=== DATASET EXCERPT ===
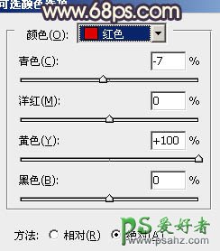 4、创建可选颜色调整图层,对红色进行调整,参数设置如图11,效果如图12。
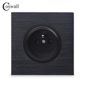 Coswall Black / Silver Grey Brushed Aluminum Panel French Standard Wall Power Socket Outlet Grounded With Child Protective Lock
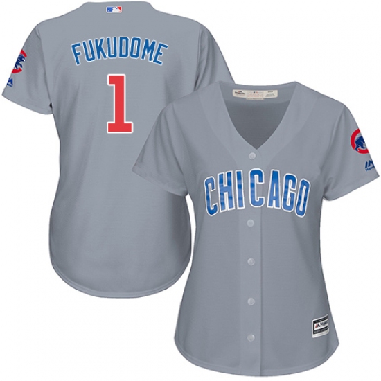 Home>MLB>Chicago Cubs>Kosuke Fukudome>Women's Majestic Chicago Cubs #1 Kosuke Fukudome Authentic Grey Road MLB Jersey

=== WHAT YOU NEED TO DO ===
From the line that holds "Coswall Black /" to the last line of the data, return those lines exactly and nothing else; both ends count, and pictures stay out.

=== REPLY TO THE TASK ===
 Coswall Black / Silver Grey Brushed Aluminum Panel French Standard Wall Power Socket Outlet Grounded With Child Protective Lock
 Home>MLB>Chicago Cubs>Kosuke Fukudome>Women's Majestic Chicago Cubs #1 Kosuke Fukudome Authentic Grey Road MLB Jersey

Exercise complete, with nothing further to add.